Power Transfer in Iraq Starts This Week

After eight months of debate and delay, the United States this week will formally launch the handover of power to Iraq with the final game plan still not fully in place.

The United States begins the complicated political, economic and security transfer with a general framework and a June 30 deadline for completion. But critical details are still being negotiated between the Iraqis and U.S. administrator L. Paul Bremer, some of which could determine whether the new Iraqi government is ultimately embraced by the majority of Iraq’s 22 million people.

“We’re open to refinement, and we’re waiting to hear what people have suggested or will suggest,” Secretary of State Colin L. Powell said in an interview. “What Ambassador Bremer and all of us have been doing in our conversations is listening and hearing and [saying], ‘Are there better ideas that would make the plan more refined, better and more acceptable to a broader group of individuals and leaders within Iraq?’ ” Besides figuring out who will rule in Saddam Hussein’s wake, Iraqis over the next two months will have to answer a host of deferred and potentially divisive questions: What kind of government will Iraq have? What will be the role of Islam? How much local rule will ethnic, tribal or religious groups have?

The deadline is Feb. 28 for agreement on these and other basic questions, due to be codified in the recently renamed Transitional Administration Law, the precursor to a constitution.

A month later, Iraqis have to determine their relationship with U.S. troops — and therefore the United States — after the handover. One of the thorniest issues will be giving U.S. troops immunity from prosecution for any action they may take, a standard U.S. demand when it deploys troops abroad.
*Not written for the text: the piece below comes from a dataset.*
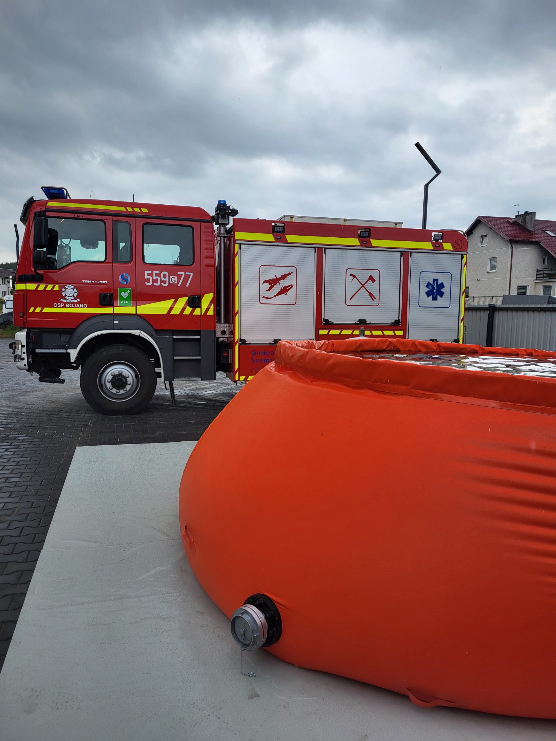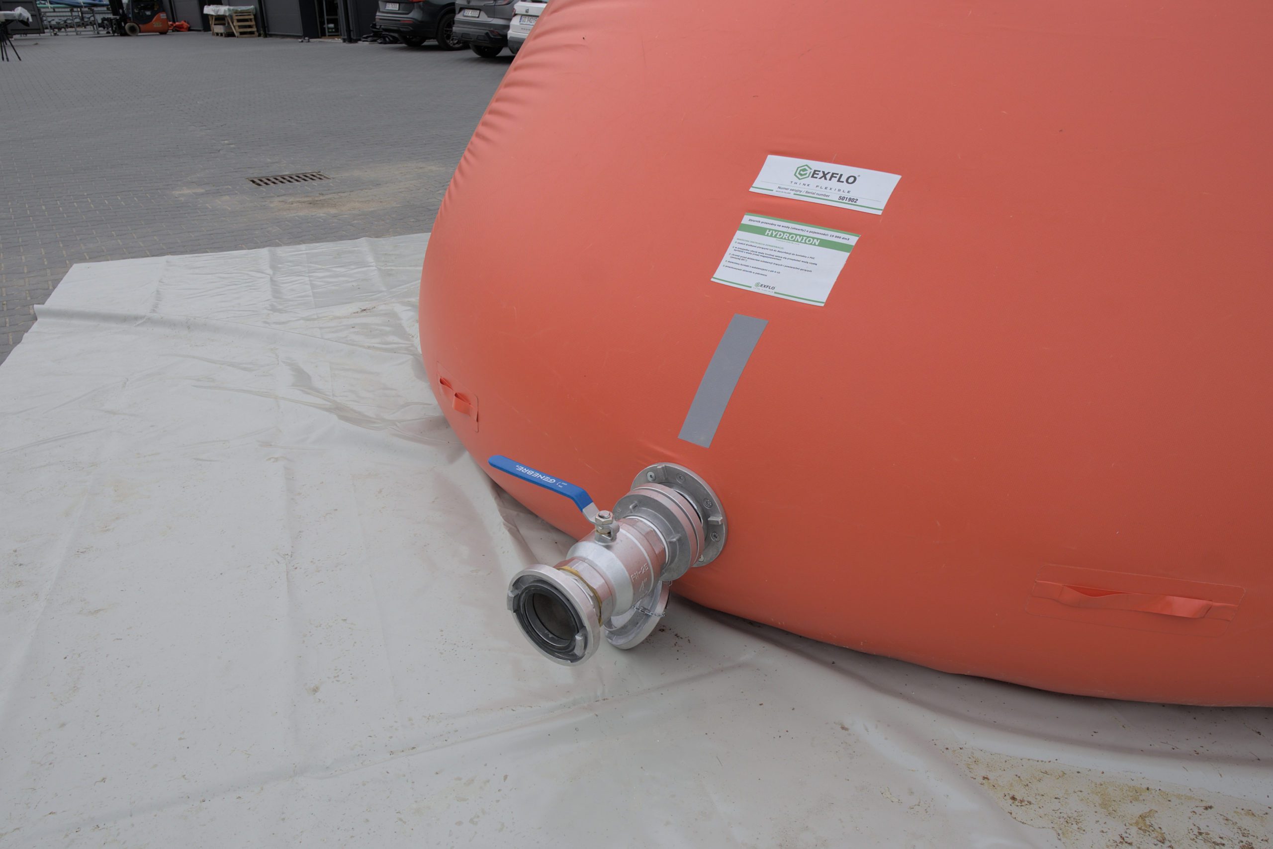 Its self-supporting flexible construction requires no permanent anchoring and no additional support frame, allowing the tank to be deployed quickly by simply unfolding and filling it with water. The open design supports fast filling and discharge, while the operational height in the filled state makes it suitable for efficient servicing of suspended helicopter fire buckets during wildfire and remote-area operations. Manufactured from durable PVC technical fabric and joined in critical areas by high-frequency (HF) welding, the tank is engineered for reliable performance in demanding field conditions. The material is protected with a special varnish that improves resistance to UV radiation, helping to extend service life during prolonged outdoor use. The unit is fitted with two flanged DN100 connections with Storz 110 couplings, enabling simultaneous filling and water discharge by multiple units. An integrated floating cushion also allows convenient top suction without significant water loss. The tank is approved for professional use and holds CNBOP approval certificate no. 5753/2025.

But Iraq presents a different set of issues than what American forces face in peaceful environments such as Germany, Italy and South Korea inasmuch as U.S. soldiers could still be fighting in a country not under U.S. control.

Iraqis, who like to note that they have less time than the U.S. founding fathers did to come up with a constitution and new government, are already worried — and predicting problems. “This is the decisive period — and we will probably go to the brink a few times before we make those decisions,” a prominent Iraqi politician said.

U.S. officials say Washington plans to resolve many of these remaining questions in negotiation with the Iraqi Governing Council, whose initial incompetence precipitated the delays that forced the United States to design the Nov. 15 agreement. The accord outlines the multiphase process, centered on provincial caucuses, to select a provisional government.

Seven weeks after the accord, however, the council has been unable to close the wide differences of opinion among rival Iraqi leaders, ranging from Grand Ayatollah Ali Sistani to the Sunni community once protected by Hussein.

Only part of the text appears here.